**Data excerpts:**

/---

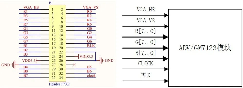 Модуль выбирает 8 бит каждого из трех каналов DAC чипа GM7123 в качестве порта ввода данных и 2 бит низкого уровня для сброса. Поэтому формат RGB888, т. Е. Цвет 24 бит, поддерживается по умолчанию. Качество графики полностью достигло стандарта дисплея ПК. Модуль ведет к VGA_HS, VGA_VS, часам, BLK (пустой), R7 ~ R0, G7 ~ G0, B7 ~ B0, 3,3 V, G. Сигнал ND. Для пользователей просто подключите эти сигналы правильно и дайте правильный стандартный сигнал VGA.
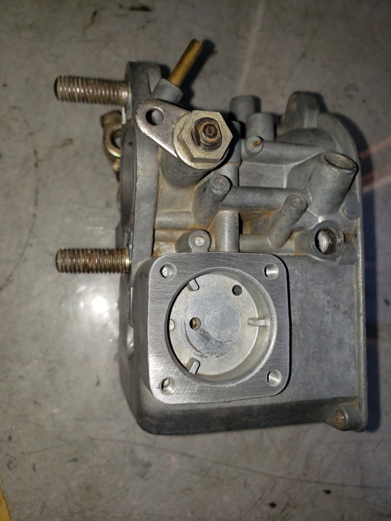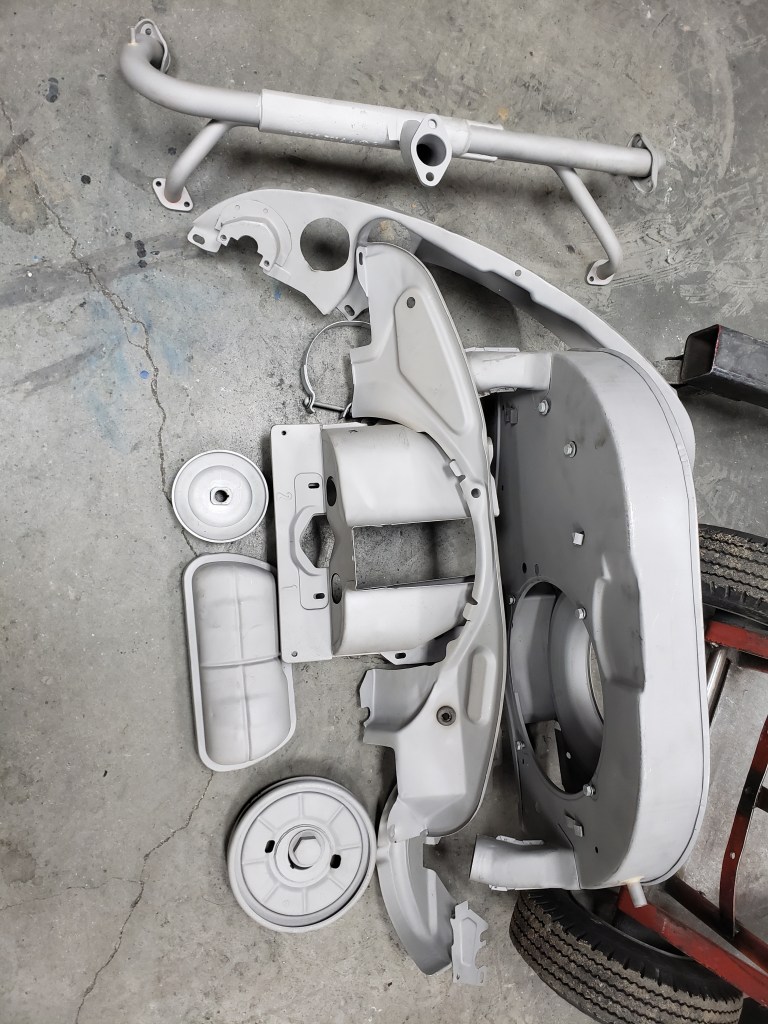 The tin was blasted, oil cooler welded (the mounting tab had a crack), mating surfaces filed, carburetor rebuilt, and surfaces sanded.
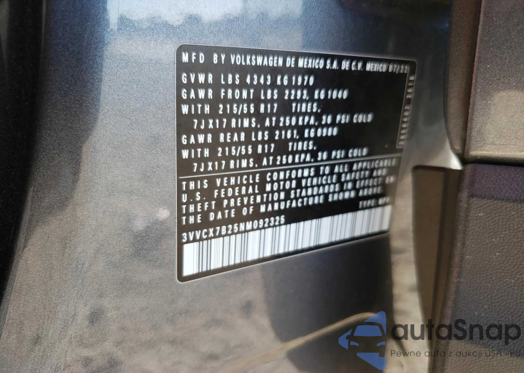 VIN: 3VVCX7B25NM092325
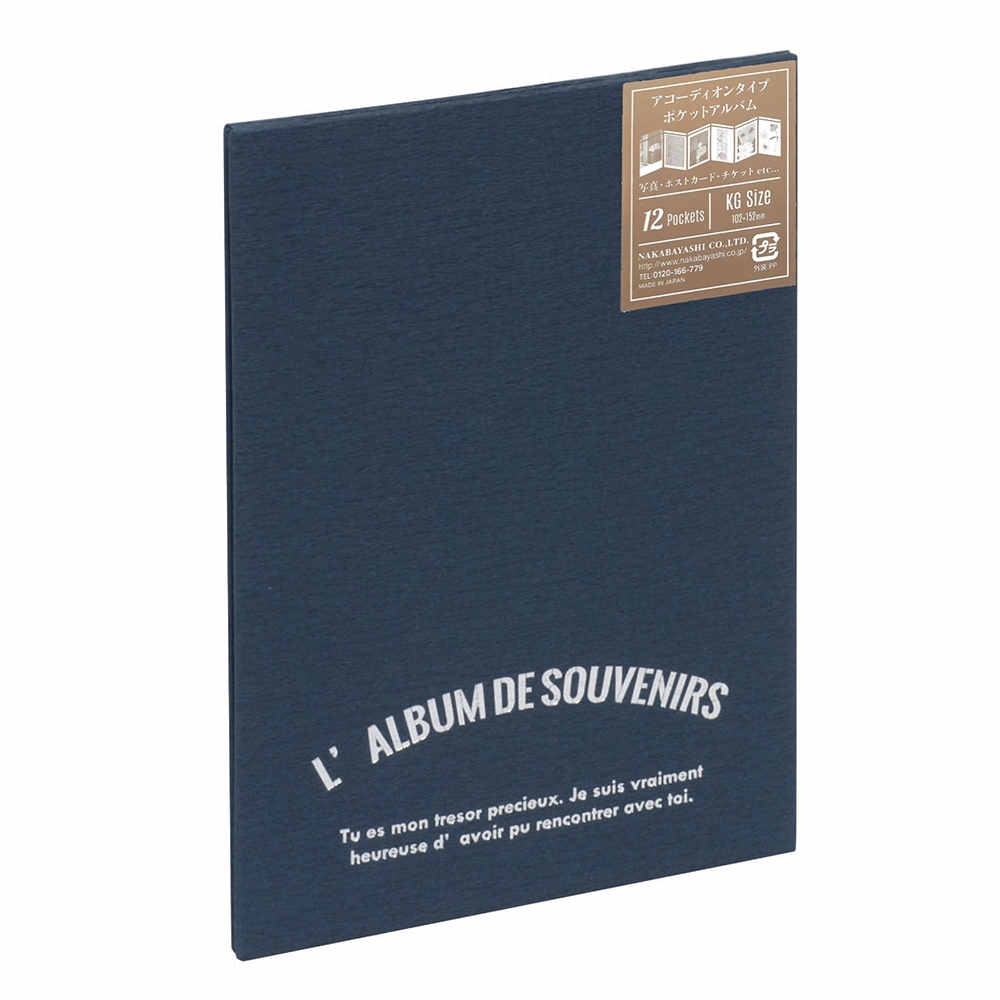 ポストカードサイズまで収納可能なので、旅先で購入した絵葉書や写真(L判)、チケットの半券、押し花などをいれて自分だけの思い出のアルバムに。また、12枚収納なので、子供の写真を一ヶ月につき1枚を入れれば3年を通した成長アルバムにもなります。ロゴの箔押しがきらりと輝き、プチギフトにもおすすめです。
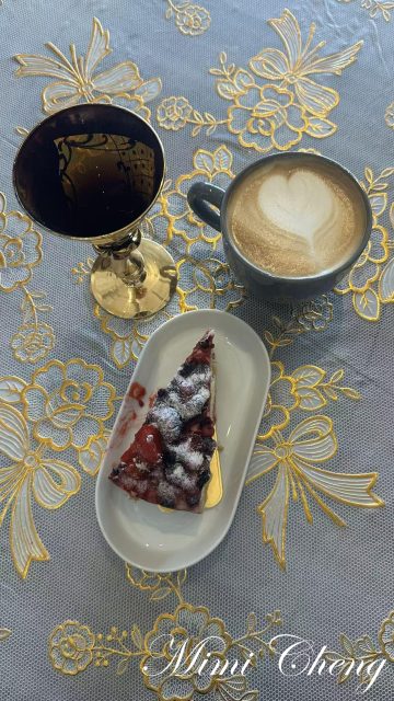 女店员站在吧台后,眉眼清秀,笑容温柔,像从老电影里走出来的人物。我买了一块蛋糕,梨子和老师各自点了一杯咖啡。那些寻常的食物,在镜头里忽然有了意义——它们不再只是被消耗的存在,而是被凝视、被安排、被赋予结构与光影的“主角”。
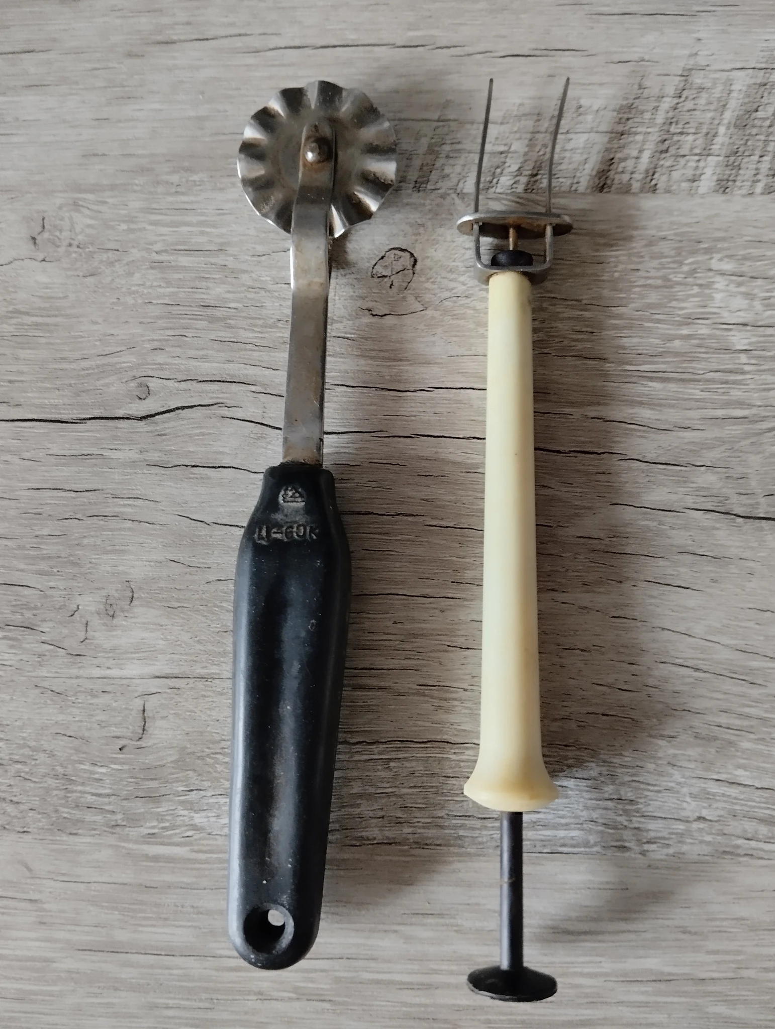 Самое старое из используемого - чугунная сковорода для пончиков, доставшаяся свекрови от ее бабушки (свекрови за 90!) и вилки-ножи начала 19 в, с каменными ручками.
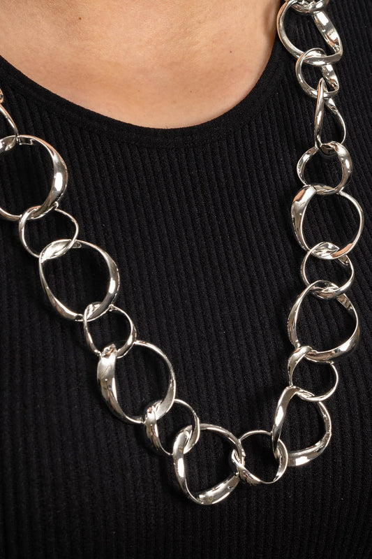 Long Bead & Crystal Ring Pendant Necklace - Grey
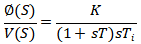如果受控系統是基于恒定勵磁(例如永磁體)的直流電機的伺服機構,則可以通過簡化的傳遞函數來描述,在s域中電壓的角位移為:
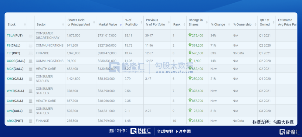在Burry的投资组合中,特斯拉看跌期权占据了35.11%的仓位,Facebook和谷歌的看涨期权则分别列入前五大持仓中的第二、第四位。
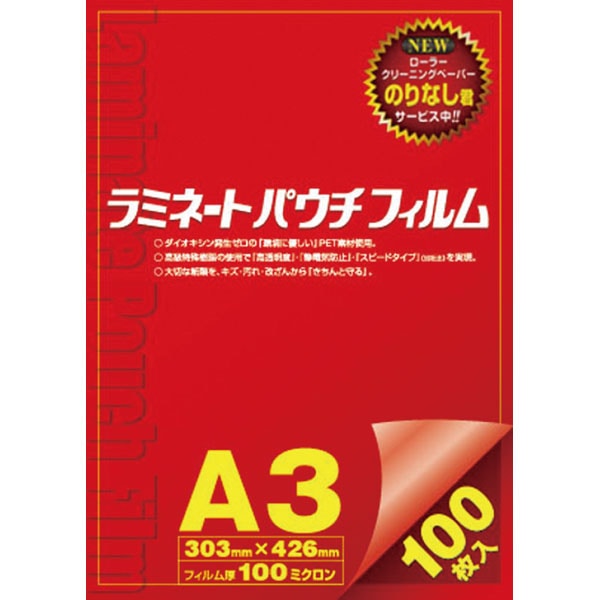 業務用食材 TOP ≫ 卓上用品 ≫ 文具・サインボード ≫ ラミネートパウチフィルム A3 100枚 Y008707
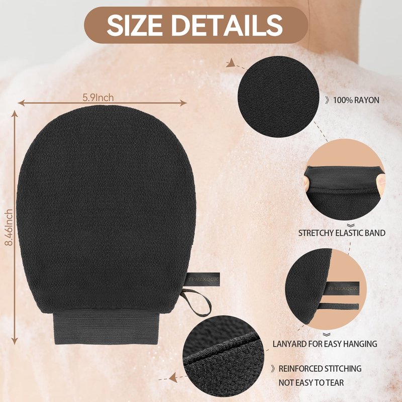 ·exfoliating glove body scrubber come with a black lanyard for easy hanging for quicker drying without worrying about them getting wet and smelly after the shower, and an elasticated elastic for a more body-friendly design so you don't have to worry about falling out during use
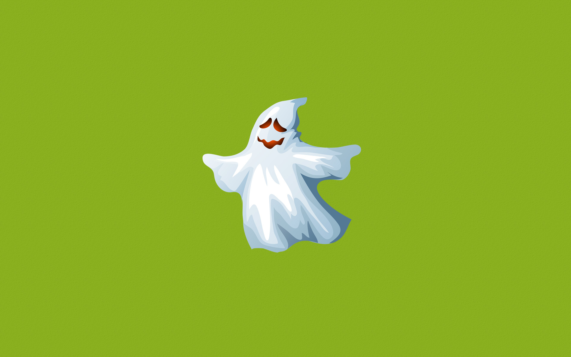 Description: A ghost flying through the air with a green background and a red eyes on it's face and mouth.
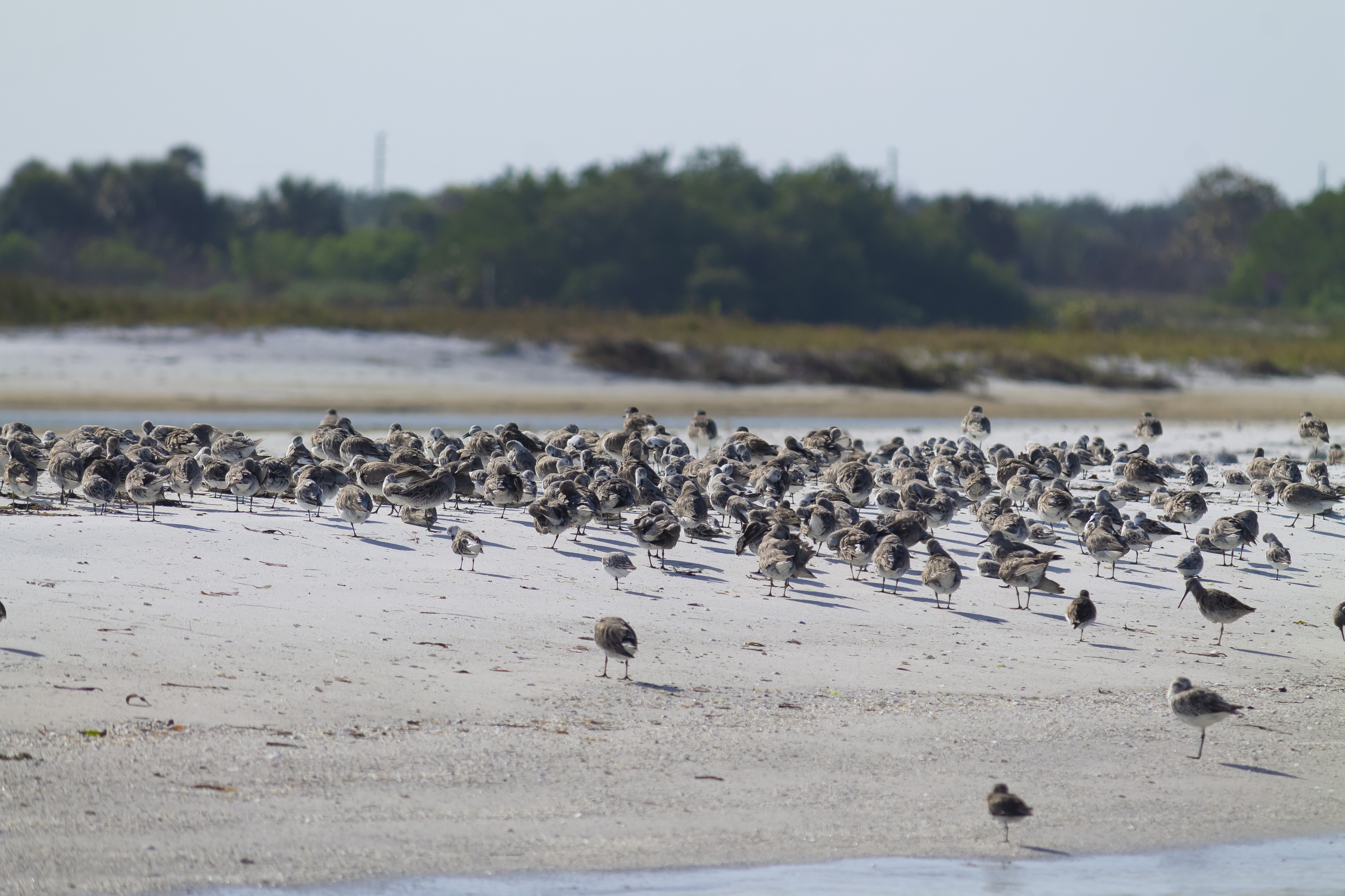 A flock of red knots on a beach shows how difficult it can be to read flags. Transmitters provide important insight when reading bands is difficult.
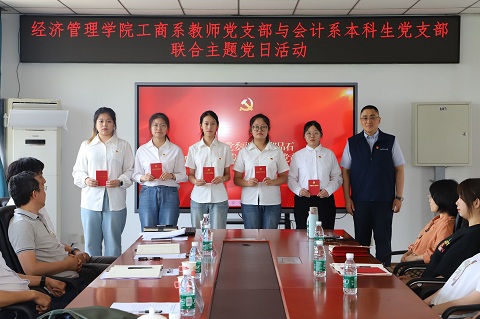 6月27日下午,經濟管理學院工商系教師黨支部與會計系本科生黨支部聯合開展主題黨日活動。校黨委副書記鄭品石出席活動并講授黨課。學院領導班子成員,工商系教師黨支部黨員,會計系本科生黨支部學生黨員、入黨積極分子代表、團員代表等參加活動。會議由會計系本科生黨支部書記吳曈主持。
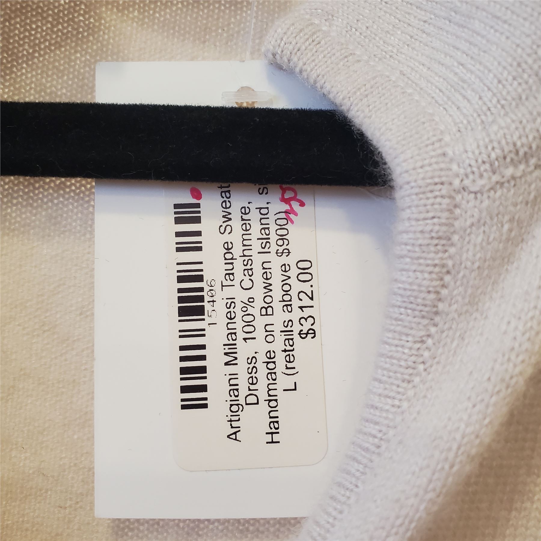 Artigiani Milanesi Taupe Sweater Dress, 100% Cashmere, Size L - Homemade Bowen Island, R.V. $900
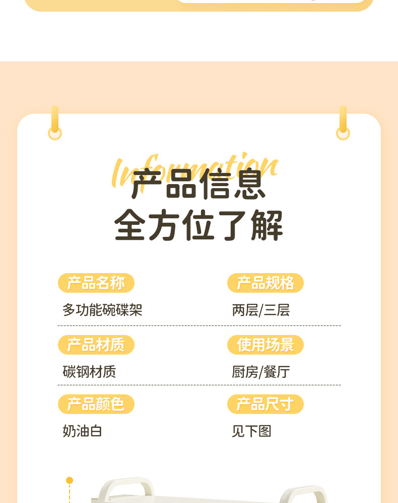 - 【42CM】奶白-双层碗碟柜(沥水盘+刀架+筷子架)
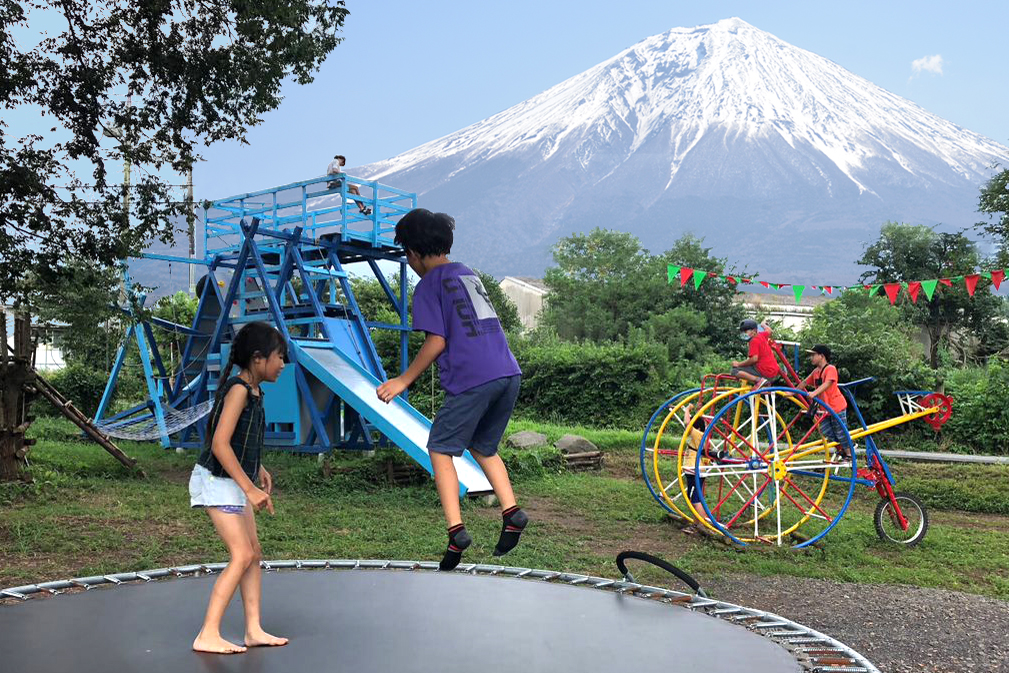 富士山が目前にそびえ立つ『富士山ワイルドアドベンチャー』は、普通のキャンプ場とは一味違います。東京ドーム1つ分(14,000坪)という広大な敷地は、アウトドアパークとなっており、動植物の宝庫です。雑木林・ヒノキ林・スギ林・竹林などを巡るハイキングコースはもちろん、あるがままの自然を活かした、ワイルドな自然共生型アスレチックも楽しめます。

\---

**Instructions to follow:**
Please give again the entries word for word, starting at the first line and ending with the line that contains "VIN: 3VVCX7B25NM092325"; include both of those lines but none of the pictures.

**Completed task:**
 Модуль выбирает 8 бит каждого из трех каналов DAC чипа GM7123 в качестве порта ввода данных и 2 бит низкого уровня для сброса. Поэтому формат RGB888, т. Е. Цвет 24 бит, поддерживается по умолчанию. Качество графики полностью достигло стандарта дисплея ПК. Модуль ведет к VGA_HS, VGA_VS, часам, BLK (пустой), R7 ~ R0, G7 ~ G0, B7 ~ B0, 3,3 V, G. Сигнал ND. Для пользователей просто подключите эти сигналы правильно и дайте правильный стандартный сигнал VGA.
 The tin was blasted, oil cooler welded (the mounting tab had a crack), mating surfaces filed, carburetor rebuilt, and surfaces sanded.
 VIN: 3VVCX7B25NM092325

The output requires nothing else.